§ **Task brief**
Starting with the line that holds "Kudzu ( Pueraria lobata )", reproduce each line through the last one of the data, exactly as written. Pictures are not copied.

(Data section Opens)

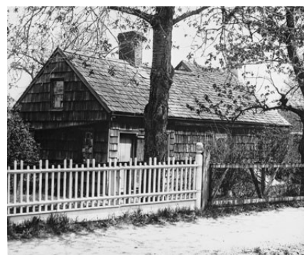
Oldest House, built 1761

The first settlers came from Huntington. They got along peacefully with the Indians as land was cleared for farms and trees were cut for buildings and cordwood. The early settlers used the Indians' path to the harbor when they fished, and they followed their hunting trails through the woods. One of the early settlers, Bryant Skidmore, built a house in 1761 that still stands at 529 Main Street. This house is close to the original center of the community, then called Red Hook (changed to Vernon Valley in 1820), at the five-corner junction of Main Street, Fort Salonga Road (Route 25A), Waterside Road and Vernon Valley Road.
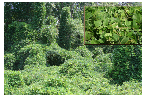
Kudzu ( Pueraria lobata )
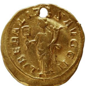
Aureus, 244-247, 4,33g, 20,4mm, 12h, pierced, Vienna Münzkabinett, RÖ 17.835
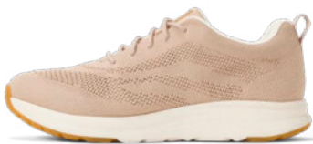
Mosi RB9X™ LightTaupe F0317007
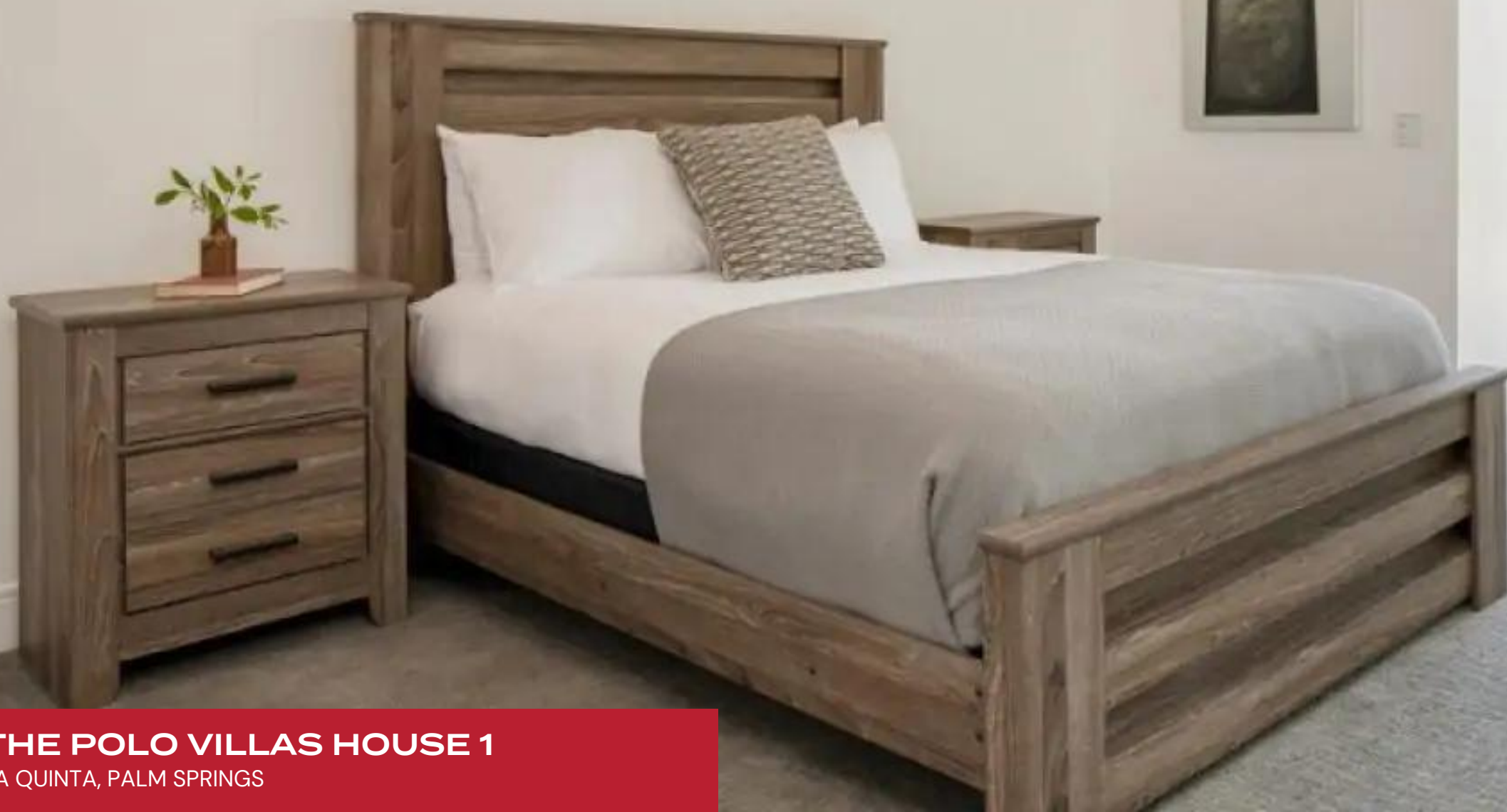
THE POLO VILLAS HOUSE 1 LA QUINTA, PALM SPRINGS
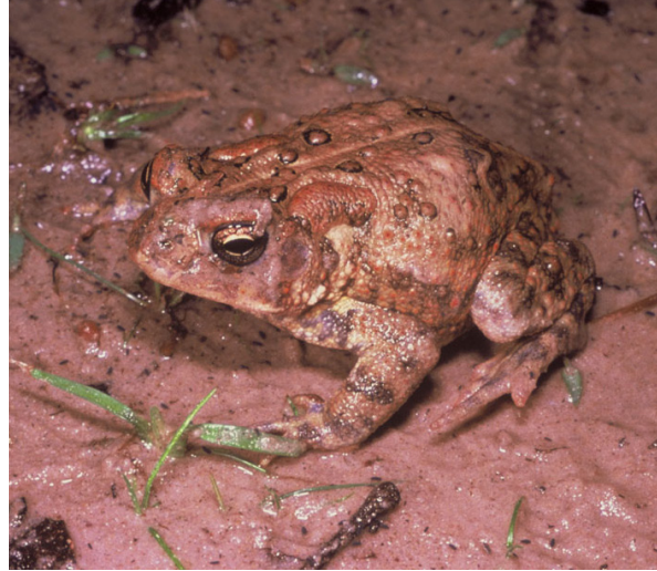
Figure 4. Houston toad.

Finally, if a species on a landowner's property is listed under ESA, the landowner should carefully review actions taken on the land to deter-

(Data section Closes)

§ **Completed task**
Kudzu ( Pueraria lobata )
Aureus, 244-247, 4,33g, 20,4mm, 12h, pierced, Vienna Münzkabinett, RÖ 17.835
Mosi RB9X™ LightTaupe F0317007
THE POLO VILLAS HOUSE 1 LA QUINTA, PALM SPRINGS
Figure 4. Houston toad.

Finally, if a species on a landowner's property is listed under ESA, the landowner should carefully review actions taken on the land to deter-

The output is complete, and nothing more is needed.